Description of the task: Write out the opening lines of the data word for word, up to and including the line with "The Gentleman’s Magazine", and leave every picture and every later line out.

Recorded data:
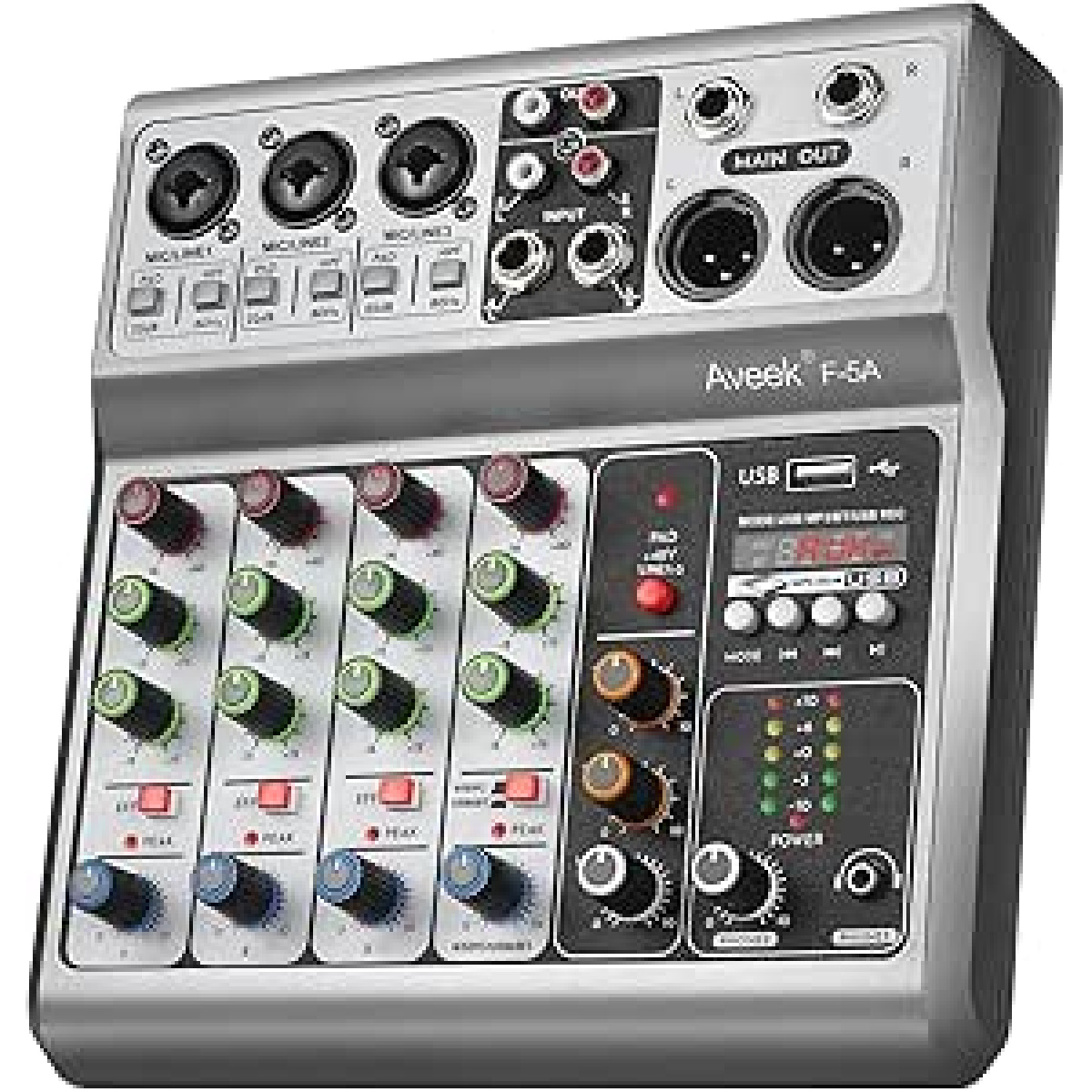Table de mixage audio professionnelle; console de mixage de carte son avec effet de retard d’écho USB Bluetooth numérique 5 canaux; entrée stéréo 48 V
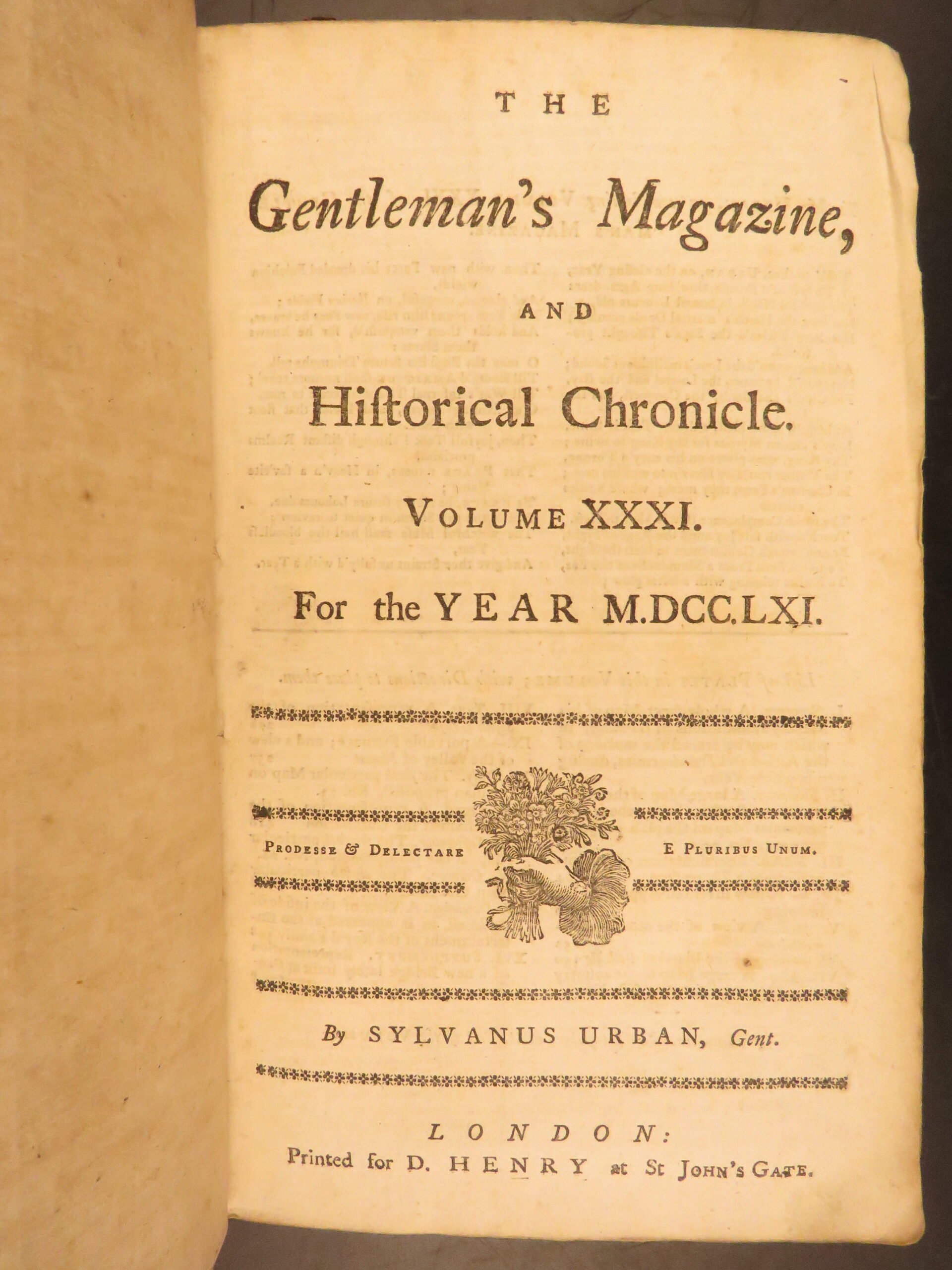 The Gentleman’s Magazine was an English periodical which first appeared in 1731. It was published without interrupt for nearly 200 years and was the first of its kind to use the term ‘magazine’. It was published by Edward Cave, pseud. Sylvanus Urban.
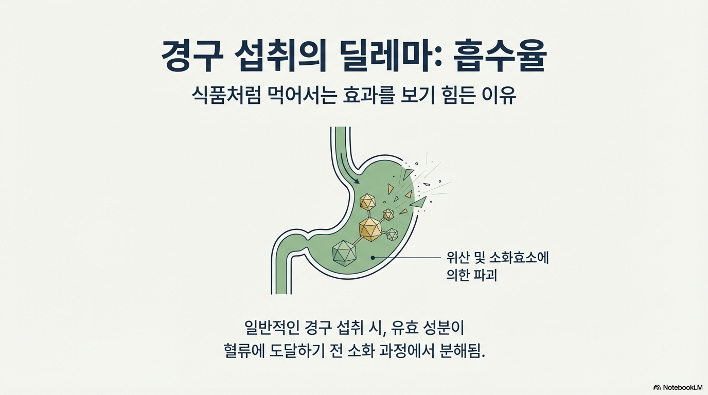 A. 예전에는 흡수율이 낮다는 문제가 있었지만, 최근 연구에서는 경구 섭취로도 유의미한 효과가 나타난다는 결과가 발표되고 있어요. 특히 리포소멀, 구강필름형 등 흡수율을 높인 제형을 선택하면 효과를 볼 수 있답니다.

Answer for this exercise:
Table de mixage audio professionnelle; console de mixage de carte son avec effet de retard d’écho USB Bluetooth numérique 5 canaux; entrée stéréo 48 V
 The Gentleman’s Magazine was an English periodical which first appeared in 1731. It was published without interrupt for nearly 200 years and was the first of its kind to use the term ‘magazine’. It was published by Edward Cave, pseud. Sylvanus Urban.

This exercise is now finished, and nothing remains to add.